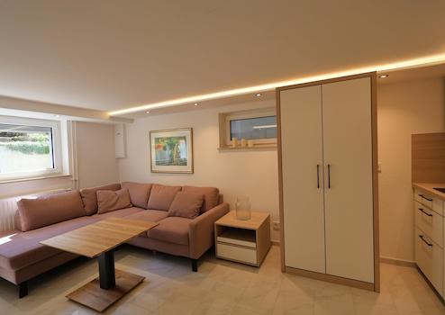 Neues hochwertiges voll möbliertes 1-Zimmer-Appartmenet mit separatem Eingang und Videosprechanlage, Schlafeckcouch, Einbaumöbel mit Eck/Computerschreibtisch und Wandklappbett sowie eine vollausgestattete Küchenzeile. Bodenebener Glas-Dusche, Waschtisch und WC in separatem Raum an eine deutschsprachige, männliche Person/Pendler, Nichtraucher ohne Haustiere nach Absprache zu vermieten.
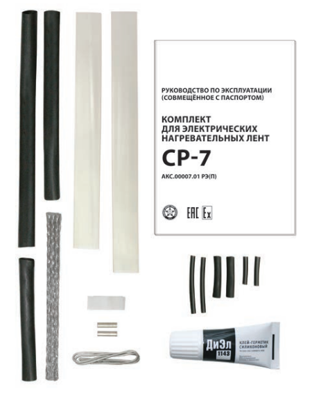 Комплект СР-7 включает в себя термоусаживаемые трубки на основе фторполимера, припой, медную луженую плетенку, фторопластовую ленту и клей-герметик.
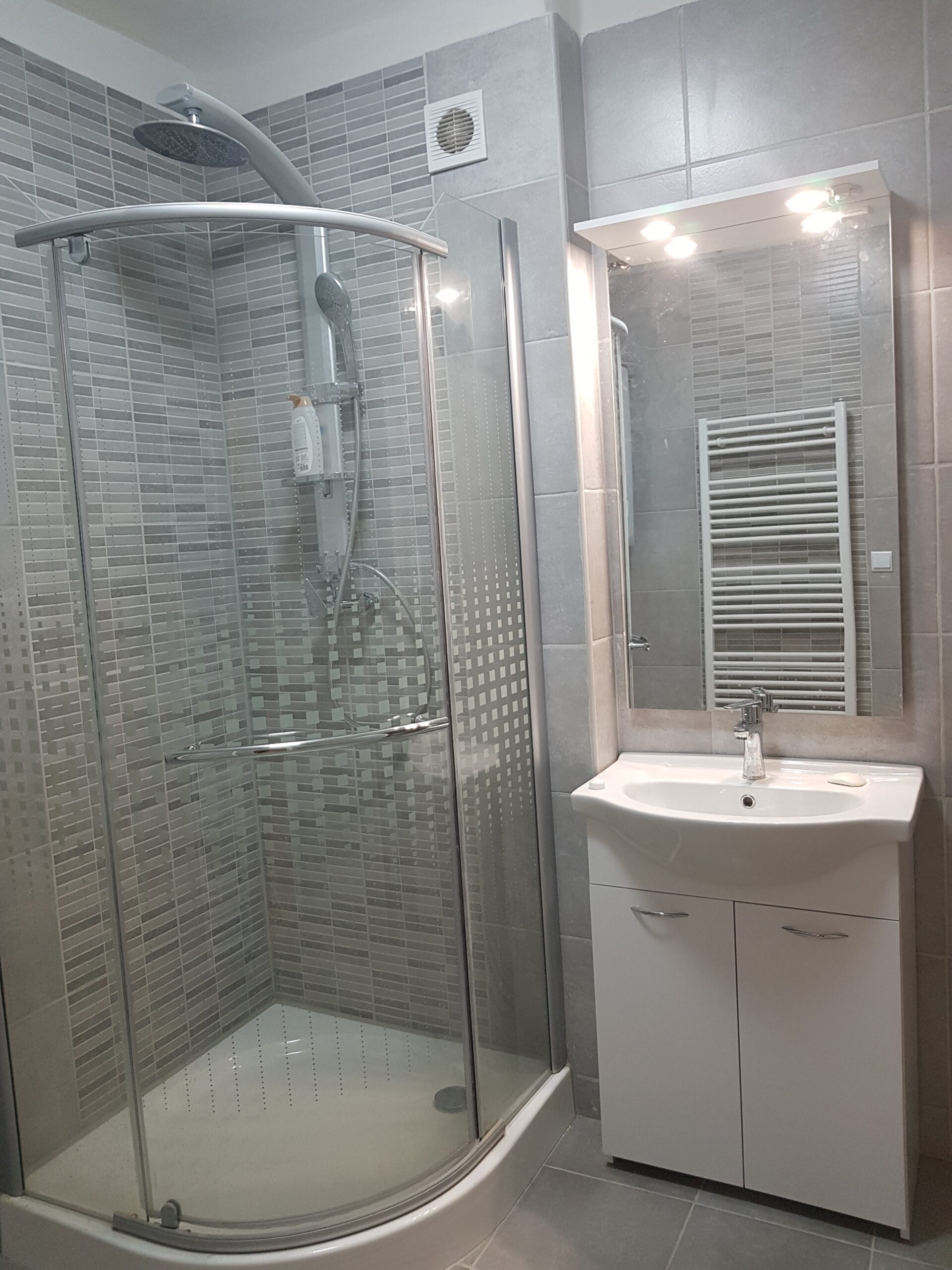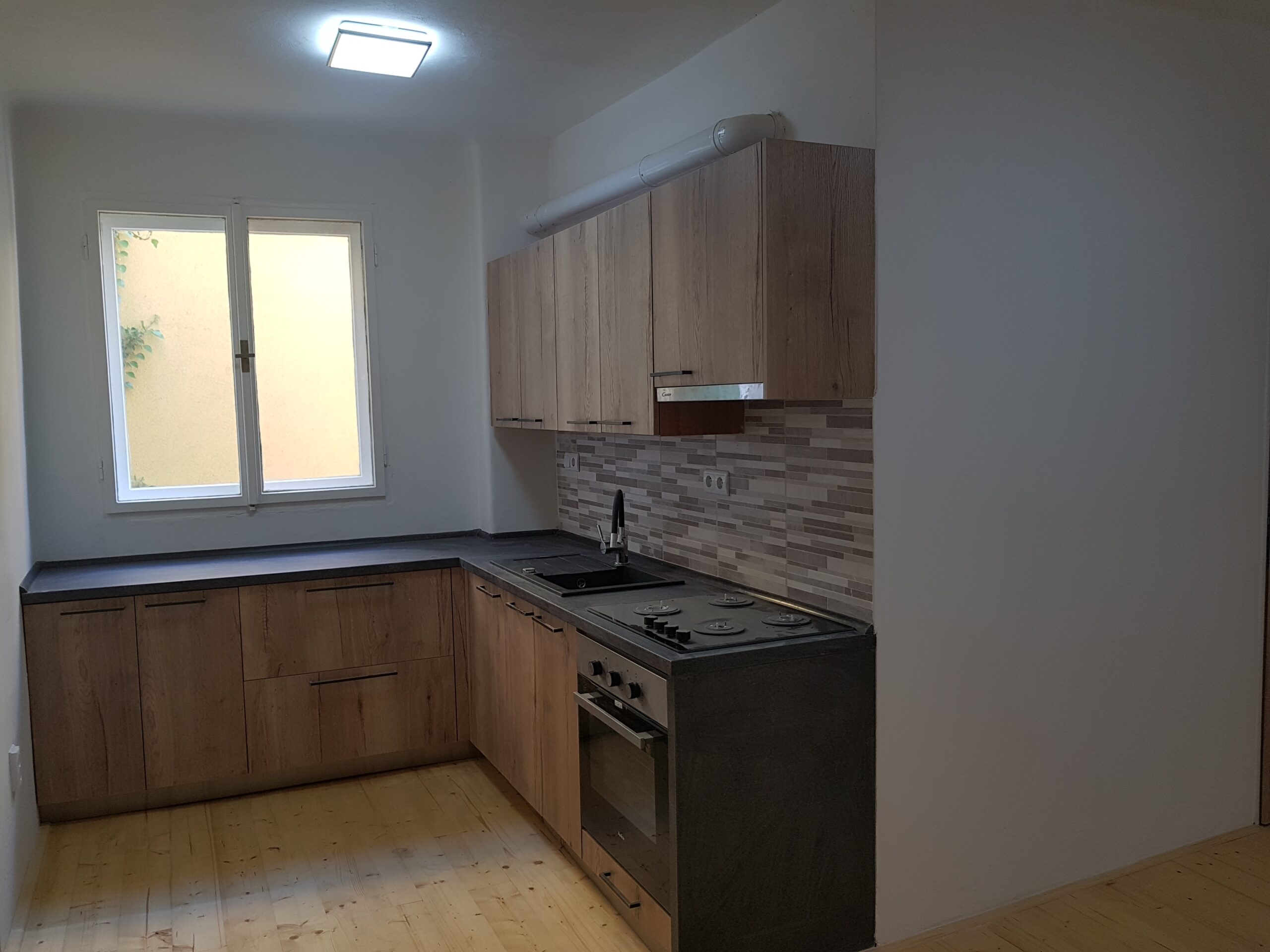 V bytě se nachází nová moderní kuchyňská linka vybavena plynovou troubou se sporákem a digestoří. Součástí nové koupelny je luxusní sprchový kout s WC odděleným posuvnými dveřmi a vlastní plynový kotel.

* * *

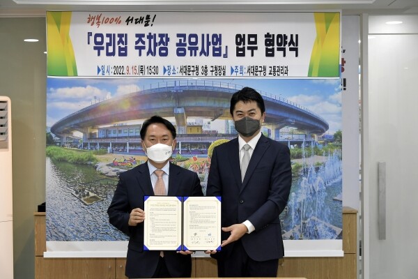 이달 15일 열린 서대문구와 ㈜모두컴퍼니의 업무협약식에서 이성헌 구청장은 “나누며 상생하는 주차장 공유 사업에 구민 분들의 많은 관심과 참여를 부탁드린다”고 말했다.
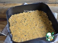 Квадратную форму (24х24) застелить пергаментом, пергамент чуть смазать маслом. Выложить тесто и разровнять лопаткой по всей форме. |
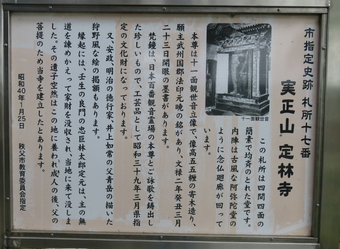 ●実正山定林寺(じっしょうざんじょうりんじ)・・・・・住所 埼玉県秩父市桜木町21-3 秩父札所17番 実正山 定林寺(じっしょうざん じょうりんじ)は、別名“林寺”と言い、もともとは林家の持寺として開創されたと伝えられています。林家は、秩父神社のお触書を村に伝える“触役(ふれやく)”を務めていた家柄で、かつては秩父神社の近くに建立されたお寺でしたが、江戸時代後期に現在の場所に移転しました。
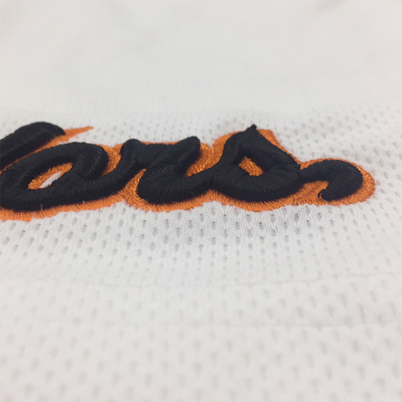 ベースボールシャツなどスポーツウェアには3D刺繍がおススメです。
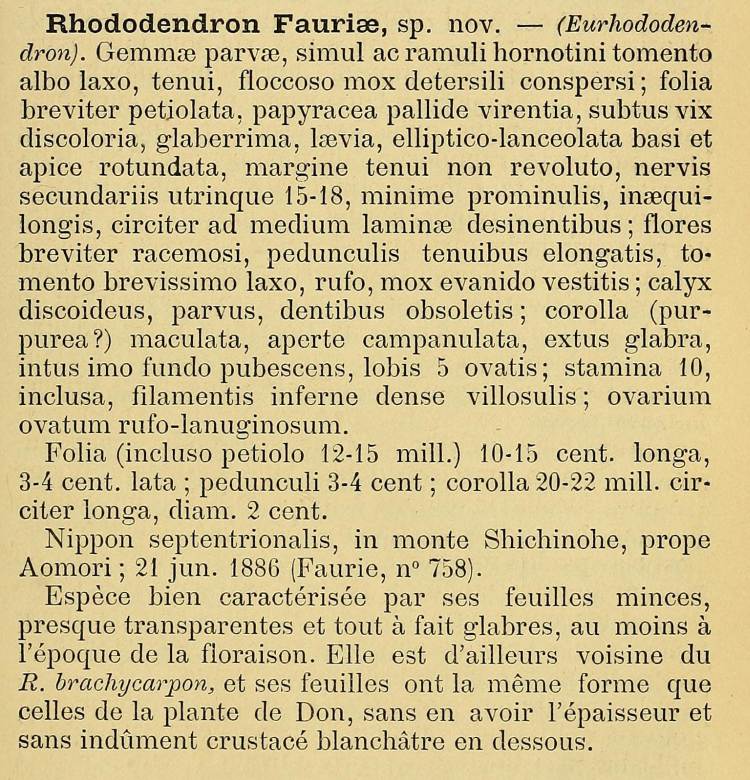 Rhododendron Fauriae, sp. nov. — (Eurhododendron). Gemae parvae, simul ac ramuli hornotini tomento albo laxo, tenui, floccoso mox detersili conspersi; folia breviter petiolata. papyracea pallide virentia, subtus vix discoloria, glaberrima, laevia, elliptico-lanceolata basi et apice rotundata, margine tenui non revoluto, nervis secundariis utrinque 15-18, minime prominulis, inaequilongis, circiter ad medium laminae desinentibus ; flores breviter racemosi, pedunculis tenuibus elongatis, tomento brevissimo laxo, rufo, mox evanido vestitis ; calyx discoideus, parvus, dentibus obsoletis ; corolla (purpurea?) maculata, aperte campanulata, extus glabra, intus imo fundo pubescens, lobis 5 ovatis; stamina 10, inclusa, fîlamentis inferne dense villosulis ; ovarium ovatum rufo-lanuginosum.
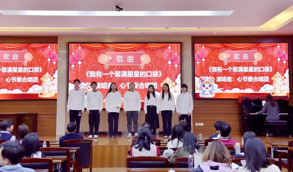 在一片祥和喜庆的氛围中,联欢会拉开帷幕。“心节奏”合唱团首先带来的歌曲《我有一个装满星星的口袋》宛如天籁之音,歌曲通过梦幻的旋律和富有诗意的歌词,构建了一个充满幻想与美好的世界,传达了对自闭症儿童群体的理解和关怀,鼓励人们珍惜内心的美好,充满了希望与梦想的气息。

DIRECTIONS FOR THIS TASK: Give back, exactly and without pictures, the stretch of the records above from the line containing "埼玉県秩父市桜木町21-3 秩父札所17番 実正山" through the line containing "在一片祥和喜庆的氛围中,联欢", with both end lines included.

YOUR SOLUTION:
 ●実正山定林寺(じっしょうざんじょうりんじ)・・・・・住所 埼玉県秩父市桜木町21-3 秩父札所17番 実正山 定林寺(じっしょうざん じょうりんじ)は、別名“林寺”と言い、もともとは林家の持寺として開創されたと伝えられています。林家は、秩父神社のお触書を村に伝える“触役(ふれやく)”を務めていた家柄で、かつては秩父神社の近くに建立されたお寺でしたが、江戸時代後期に現在の場所に移転しました。
 ベースボールシャツなどスポーツウェアには3D刺繍がおススメです。
 Rhododendron Fauriae, sp. nov. — (Eurhododendron). Gemae parvae, simul ac ramuli hornotini tomento albo laxo, tenui, floccoso mox detersili conspersi; folia breviter petiolata. papyracea pallide virentia, subtus vix discoloria, glaberrima, laevia, elliptico-lanceolata basi et apice rotundata, margine tenui non revoluto, nervis secundariis utrinque 15-18, minime prominulis, inaequilongis, circiter ad medium laminae desinentibus ; flores breviter racemosi, pedunculis tenuibus elongatis, tomento brevissimo laxo, rufo, mox evanido vestitis ; calyx discoideus, parvus, dentibus obsoletis ; corolla (purpurea?) maculata, aperte campanulata, extus glabra, intus imo fundo pubescens, lobis 5 ovatis; stamina 10, inclusa, fîlamentis inferne dense villosulis ; ovarium ovatum rufo-lanuginosum.
 在一片祥和喜庆的氛围中,联欢会拉开帷幕。“心节奏”合唱团首先带来的歌曲《我有一个装满星星的口袋》宛如天籁之音,歌曲通过梦幻的旋律和富有诗意的歌词,构建了一个充满幻想与美好的世界,传达了对自闭症儿童群体的理解和关怀,鼓励人们珍惜内心的美好,充满了希望与梦想的气息。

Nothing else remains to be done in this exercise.